Foray into Afghani cuisine

A few months ago after getting a book out of the library about Afghanistan food and recipes, we had a go at making Afghani bread and a beef kebab. Not having a charcoal grill handy in the kitchen and it being winter, I made the beef into meatballs. The bread worked out well, but after checking some images on the internet, it appears I didn’t do enough dents down my flatbread. What we needed was a baseline to compare our Afgan food to. What is it supposed to be like?

Just up the road from us is a little Afghan restaurant, and we have been meaning to give it ago. Our friend Liz, who has lived for a long time in Pakistan and travelled in Afghanistan was keen to come and we welcomed her guidance. We decided to try it this week.
Karl went in to see if he could book a table, and the guy at the counter said yes and said he would reserve a table for us. There was a pause and then Karl said ‘Do you want to take my name?”
“No, no” he replied. “I’ll remember you” and heartily shook his hand.
We turned up at the restaurant the next evening and took our seats. Liz hadn’t quite arrived and from the kitchen came the question; “Shall I cook for your friend?”
“Yes please.” We replied.

No ordering—we were in the hands of our chef!

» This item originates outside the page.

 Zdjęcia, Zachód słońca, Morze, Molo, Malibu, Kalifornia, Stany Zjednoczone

So we waited to see what would come to our table. Liz arrived, the kids watched the goings on in the kitchen and then he bought our food over. He had made big plates of seasoned rice and on top were chicken and beef kebabs. We had lettuce with half a lemon as a side dish. He had made smaller helpings for the kids with the side for them as well. So no difficult menu to negotiate.
The taste? It was really good. The chicken was charred on the edges but still juicy in the middle. The meat was beautifully spiced but not overly chilli. The beef was tender, delicious and aromatic without being too hot (the kids did find the beef a bit too hot for their tastebuds but not until they had eaten most of it)!

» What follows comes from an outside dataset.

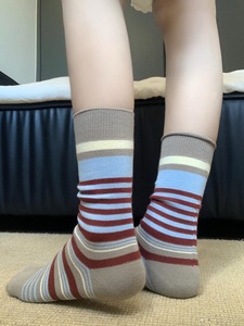 多巴胺卷边堆堆袜子女秋季韩版ins风百搭复古拼色中筒袜洋气撞色

We had heard the bread here was fabulous but unfortunately that night they hadn’t made bread, so another trip will have to be planned if we want to try that. Next time they said just to let them know we wanted bread and they would fire up the big tandoor oven.
Liz taught us Tashakkur – which is thank you in Afghani.
We finished with a cup of green tea and some raisins. Afghanistan used to be known for its high quality raisins and sultanas, a real delicacy. Before the Soviet invasion in 1979 they were one of the biggest exporters of raisins.

It was far from a high class restaurant meal. It was a bit odd, the ambience was a little lacking, but the food was absolutely top-notch, and isn’t that what you go out to a restaurant for anyway? We were sure we were eating the best Afgan cuisine in Christchurch. And I think it’s worth having a bit of an adventure into some of these lesser known places. You have to be a bit brave, but the rewards are worth it when you stumble onto a local gem! We’ll be back!

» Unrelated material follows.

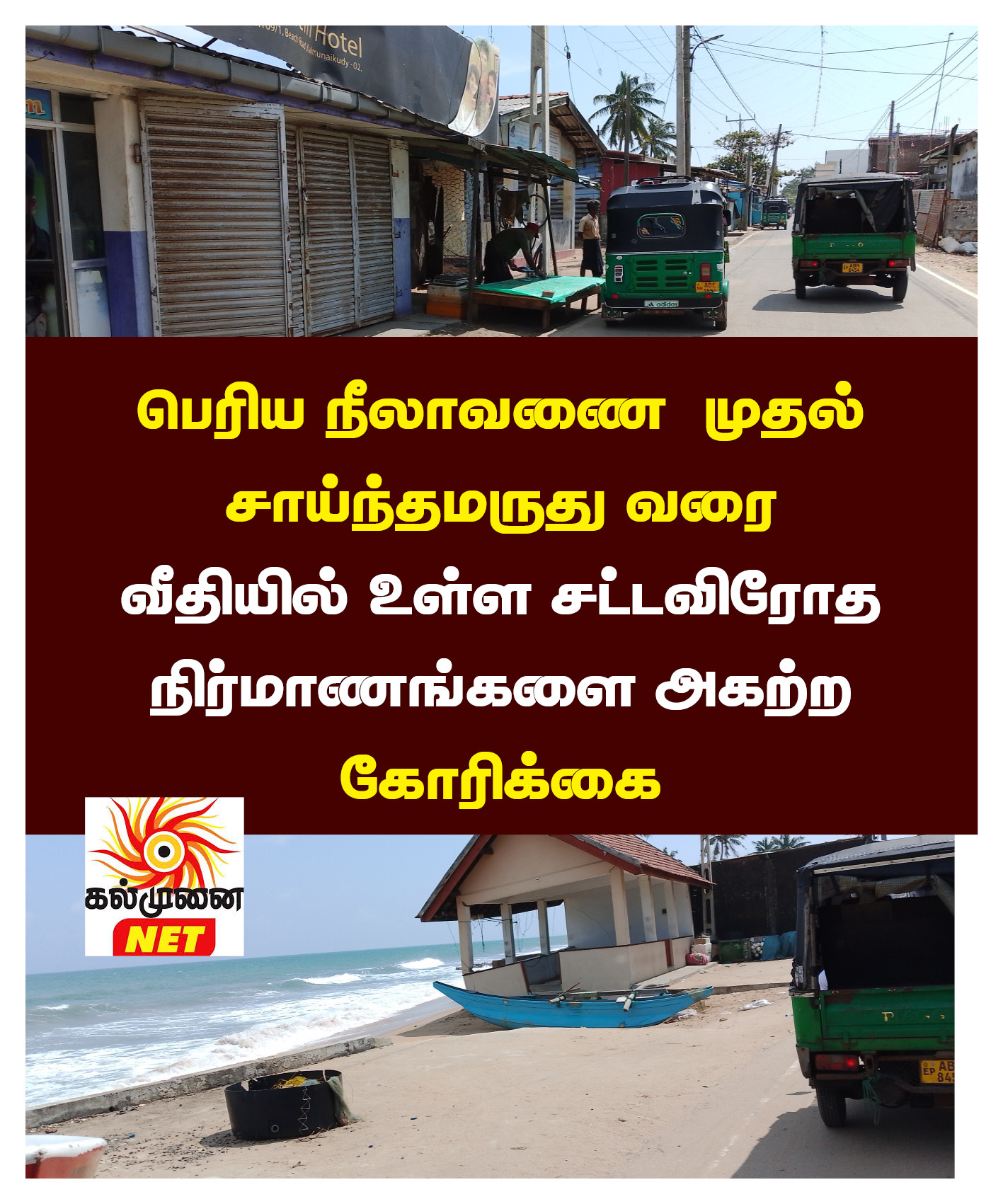 பெரிய நீலாவணை  முதல் சாய்ந்தமருது வரை வீதியில் உள்ள சட்டவிரோத நிர்மாணங்களை அகற்ற கோரிக்கை

  1. I agree about being a little brave and trying out new places. There are some fantastic places out there you just have to work up the courage to walk through the door! I always remember in Wellington one of the best Chinese restaurants we discovered had chipped little Formica tables and the obligatory serving of buttered white sandwich bread. But the food that followed was amazing!

  2. oooo – got any secret places you can tell us about then, that we should check out around the country?